= Coordinated diagnostics =

Diagnostic procedure

Coordinated diagnostics is a portion of the coordinated care healthcare model that focuses on diagnostic workflow, real-time data flow, information systems, expertise, and informed decision making. When practiced, coordinated diagnostics integrates the diagnostic data and activities of care providers, testing facilities, information systems providers, diagnostic domain experts, payers, and patients.

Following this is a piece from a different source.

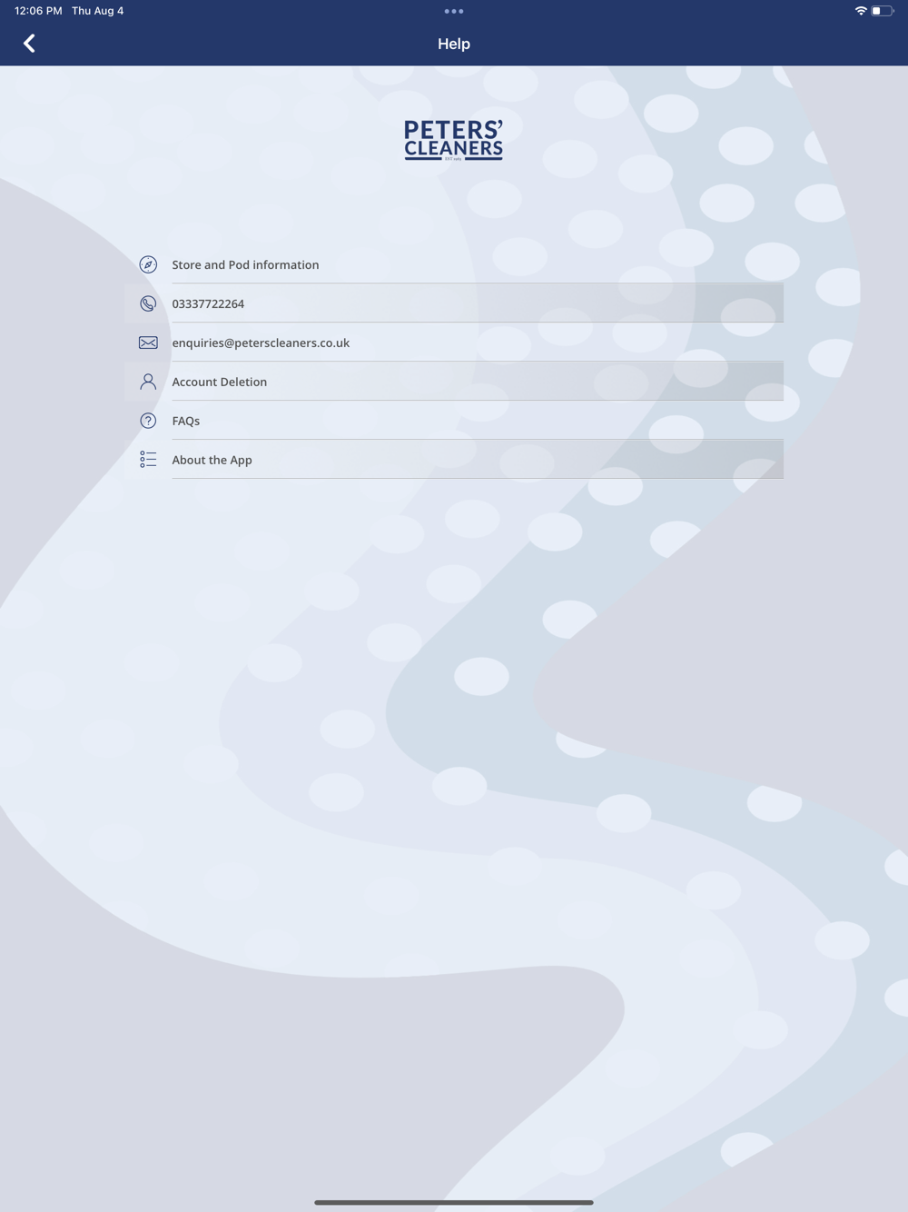 - Quickly contact Peters' Cleaners by phone or email and access their website all directly from your device.

Coordinated diagnostics maximizes the effective use of diagnostic information and resources across the healthcare continuum to improve patient care while reducing overall costs.

==Practice==
When practicing coordinated diagnostics, actors within the healthcare continuum:
- Decide to perform particular diagnostic tests based on balancing the trade-offs between optimizing the patient’s heath outcome while minimizing the cost of the diagnostic testing, treatment episodes, and overall patient care across episodes.
- Interpret diagnostic results accurately and completely based on a complete set of patient information.
- Communicate diagnostic information in real time to healthcare continuum actors that can take action.
- Engage patients and patient advocates in the diagnostic testing, data exchange, decision making, and action taking activities.

To fully perform these activities, actors across the healthcare continuum need:
- A complete view of results and interpretations from prior diagnostic testing for the patient
- Prior diagnostic tests ordered for the patient that have not yet been resulted
- Relevant patient information such as medication history and family history
- Informed methodologies and tools that use all available information to guide decision makers through coordinated diagnostic activities
- Access to domain experts (e.g., pathologists) who provide consultative services
- Feedback mechanisms that organize and analyze historic diagnostic information to improve efficacy of the coordinated diagnostic processes

==Industry applicability==
The concept of coordinated diagnostics as a component of coordinated care is new to the Healthcare industry and its applicability to various industry challenges such as EHR interoperability and the correlation of diagnostic results across disciplines makes it a useful organizing principle.